*Problem requirements:*
From the line containing "- In a medium" through the last line of the entries below, transcribe each line exactly, excluding any picture.

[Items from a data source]

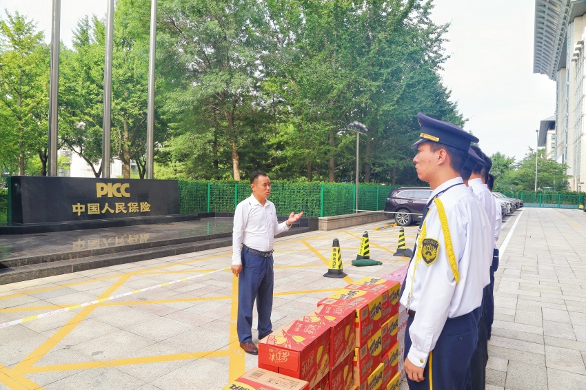 在慰问驻点保安队员时,公司常务副总经理胡华锋亲手将防暑降温礼包、饮用水等物资送到队员手中,关切询问大家“轮岗休息是否充足”“执勤装备是否到位”。九三庆祝活动是国家大事,你们驻守的每一个岗位,都是守护安全的重要防线!既肯定了队员们“顶烈日、守岗位”的奉献精神,也鼓励大家以“零差错、零疏漏”的标准严格履职,在关键时刻展现兴华保安的专业担当。队员们纷纷表示,将把公司的关怀转化为工作动力,坚决守住安全底线。
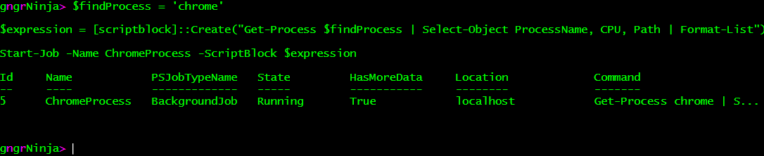 Then we'll use the command Start-Job to start a PowerShell job, and run that command.
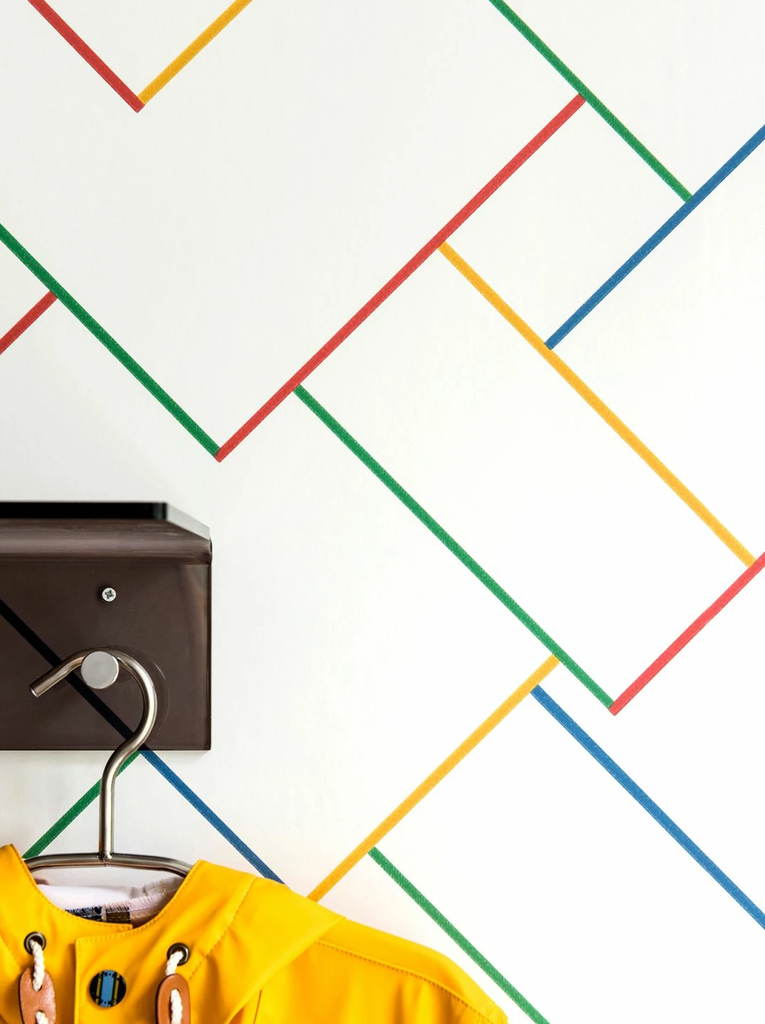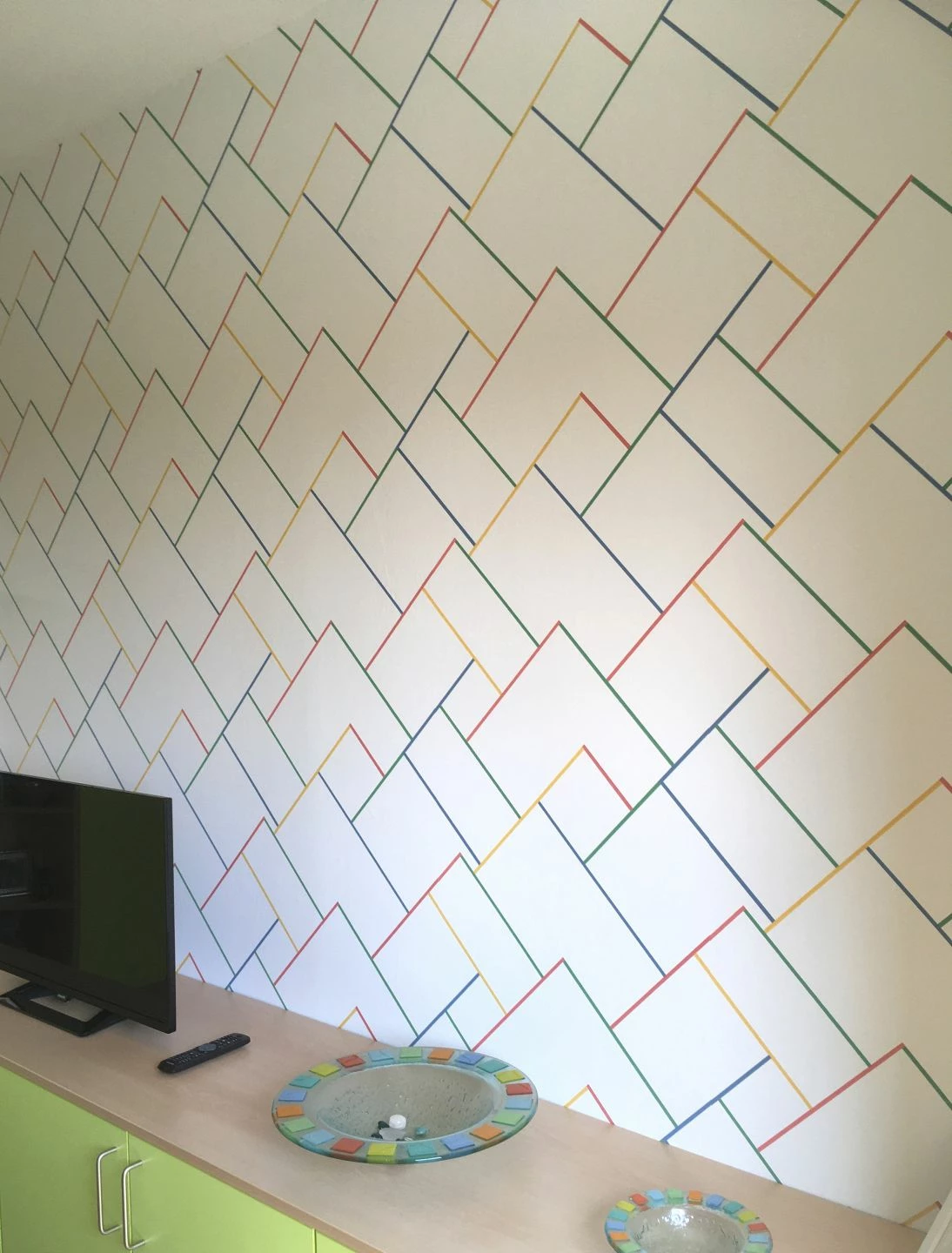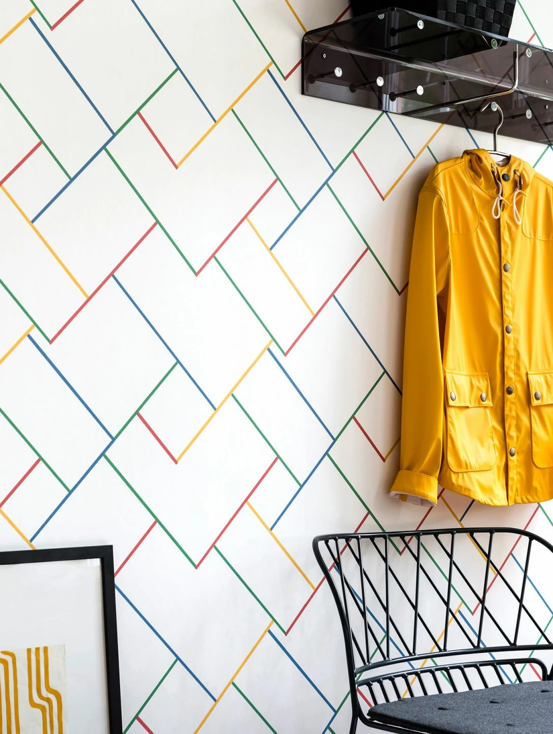 Frech in den Grundfarben Blau, Gelb, Grün, Rot und mit ungebremstem Tatendrang will dieses Geometriekunststück den Kreativraum erobern. Durch die geschickte Anordnung der farbigen Linien entsteht eine rasante optische Bewegung, die jeden mitreißt. Lassen Sie die Wand beben mit der leicht anzubringenden Vliestapete in matter Leimdruckoptik.
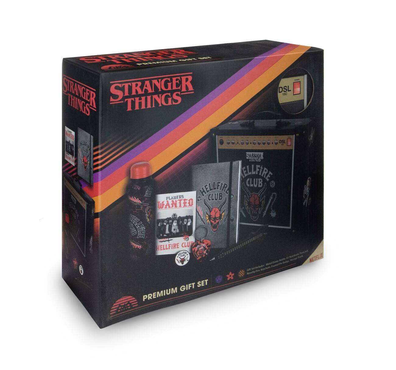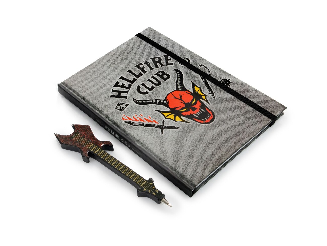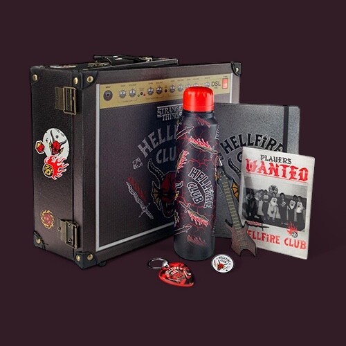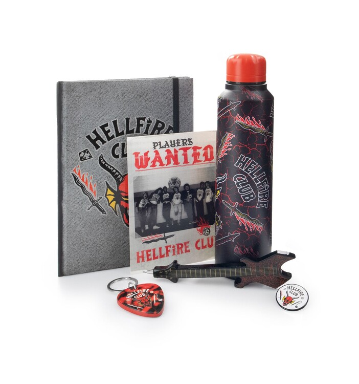 Exkluzivní dárková sada Stranger Things 4: Hellfire Club obsahuje 525 ml kovovou láhev, zápisník A5 s 80 listy, stylové pero ve tvaru elektrické kytary, přívěsek na klíče, smaltovaný odznak a pohlednici, vše s motivem Hellfire Clubu.
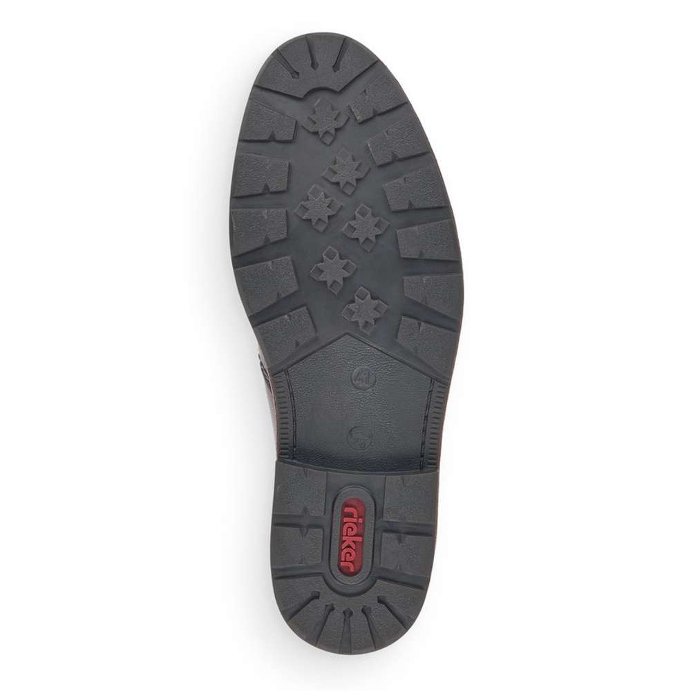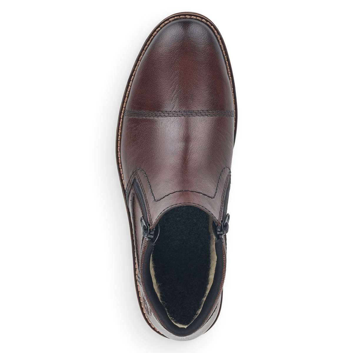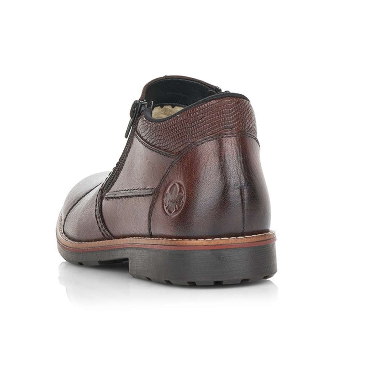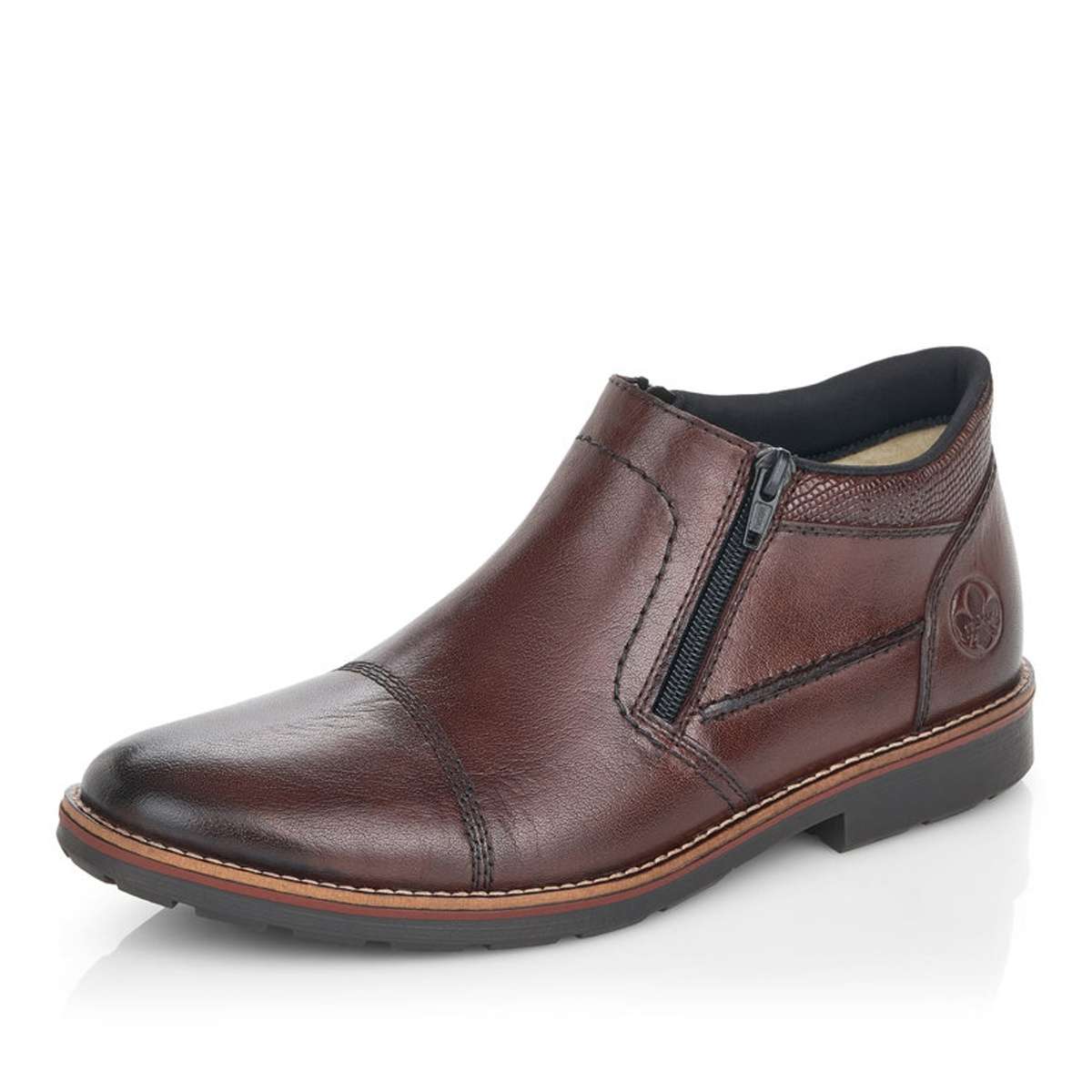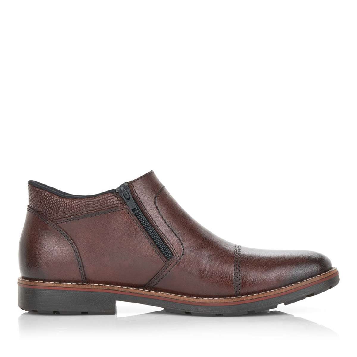 Pánská kotníková obuv z hnědé přírodní usně zaujme především svým výrazným prošitím a decentním logem značky Rieker. Po stranách jsou použity funkční zipy pro snadné obutí.
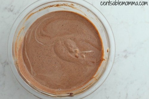 - In a medium sized bowl, add Greek yogurt and slowly pour the chocolate mixture over the top. Stir until incorporated. Cover bowl with plastic wrap and place in the fridge to chill for 2 hours.
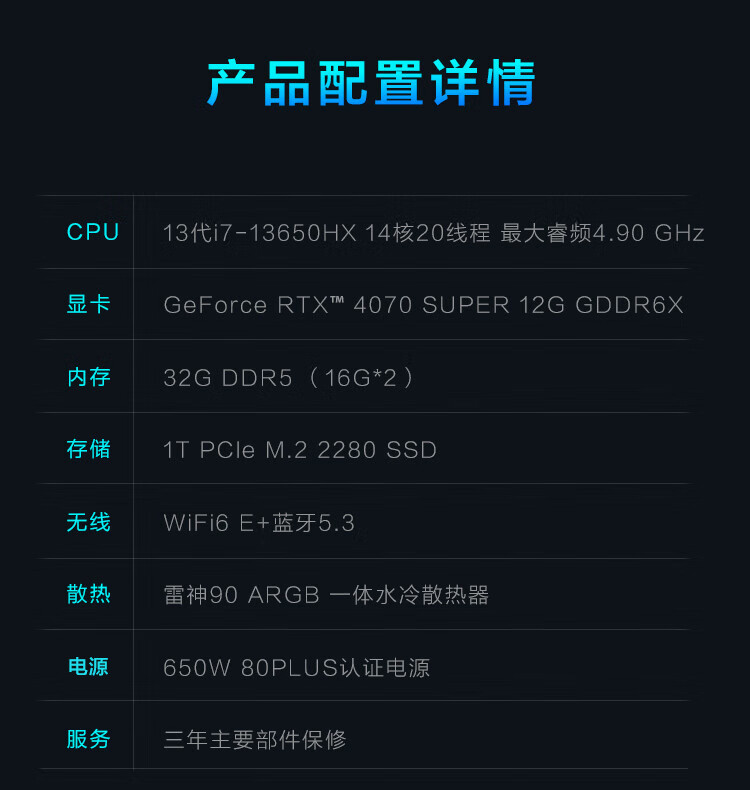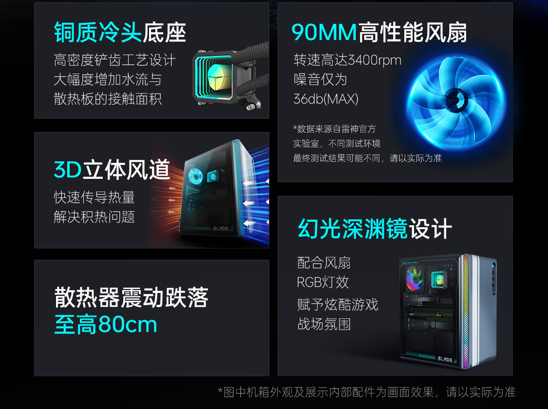 - 散热器:雷神定制90mm水冷散热

*Task output:*
 - In a medium sized bowl, add Greek yogurt and slowly pour the chocolate mixture over the top. Stir until incorporated. Cover bowl with plastic wrap and place in the fridge to chill for 2 hours.
 - 散热器:雷神定制90mm水冷散热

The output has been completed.